I keep thinking about how much time we waste by making excuses about why we can’t be with each other. ‘We’re not where we need to be professionally.’We’re getting ourselves together.”We’re chilling.’
The majority of us are well on our way to 30. It’s true that today, more and more of us are putting off marriage and kids because life has gotten in the way. Whether it is a lackluster job market, student loans, a change in career paths, we are putting off settling down longer and longer. I definitely have changed my mind about this stuff. If you asked me where I would be at 28 ten years ago, I would’ve told you that I would be married with kids already. Now the idea of both at this moment, makes me cringe. It’s true that I want to progress financially and professionally. There’s still a lot of stuff I wanna do. However, there is a growing fear that collectively, we are all putting off falling in love and getting into relationships for different reasons. Fear. We are so worried about missing out on something or someone, that we make excuses upon excuses as to why we can’t commit. We settle for situationships and fuckbuddies and other ambiguous relationships because that seems safe and secure and easy. The truth is, we’re not happy, and it’s not enough. It will never be enough. We come up with different names for our non relationships, and the list has become exhaustive. All because we don’t want to be held accountable for how we’re conducting ourselves with the opposite sex.
Newsflash: that ‘situationship’, that ‘friends with benefits’ that ‘casual fling’ you are engaged in, is a form of a relationship. The feelings are real, the lines become muddied when you’re fighting like you’re together, going on dates, and introducing your ‘bae’ to your friends, you are in a relationship, title or not. I love when girls try to pretend to not care, for fear of looking ‘weak’ or ‘clingy’ or ‘crazy.’ Give me a fucking break. How many more years are we gonna continue to pretend like we don’t want a healthy, loving relationship with someone? How many more conversations are we gonna have about our one homegirl who is ‘kinda seeing’ so and so for 3+ years? Or your homeboy who has been talking about his fear of commitment forever? Guys, get it together. Stop crying over the girl that broke your heart 5 years ago. Move. On. Stop griping on social media about wanting an ‘Ayesha Curry’ when you aren’t Steph. Step your game up bruh,take a chance.
Aren’t you guys tired? The beauty of getting older, and becoming more secure in ourselves, is getting to a point where you don’t give a fuck about playing it cool. You are over the bullshit, over the games, and at least want to TRY at something real. Tell me, what’s the worst that could possibly happen? You waste time? You get your heart broken? You make yourself vulnerable? It doesn’t work out? How many times has all of these things already happened? And yet here you are, alive. Somehow you made it. Somehow you survived without that person, and in fact, you’re better off. The problem now is that you’re so afraid to TRY.

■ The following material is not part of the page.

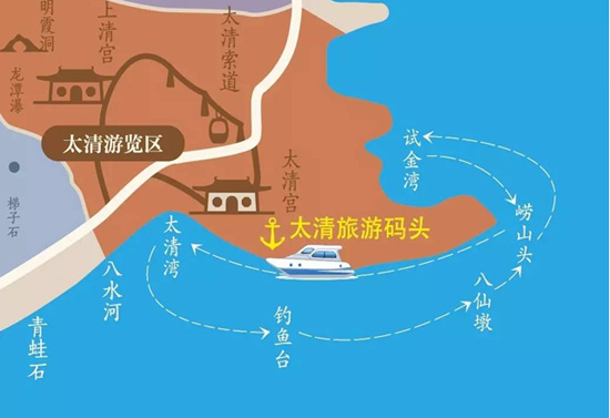游船观光航线:太清码头 –太清湾–钓鱼台 –八仙墩 –崂山头(折返) –太清码头。

I can admit that I have been in that headspace. So exhausted/frustrated/jaded that trying just didn’t seem worth it. Except that ultimately, I’m a romantic at heart. I know for certain I will fall in love again, and it will be beautiful, and the love will be returned. I know for certain I will be married, with children. I know that I will look back on all of the failed relationships, all the fuckboys, and laugh, because they all led me to my special someone. I gotta believe that. You gotta believe it too. You gotta want to TRY. Too many amazing people to not have one person that is exactly for them.
I implore you, to TRY. For once, stop scaring yourself out of fulfilling relationships. Quit trying to be cool, laid back, stop being so fucking scared of being vulnerable. Beautiful things come out of that space, if you let them.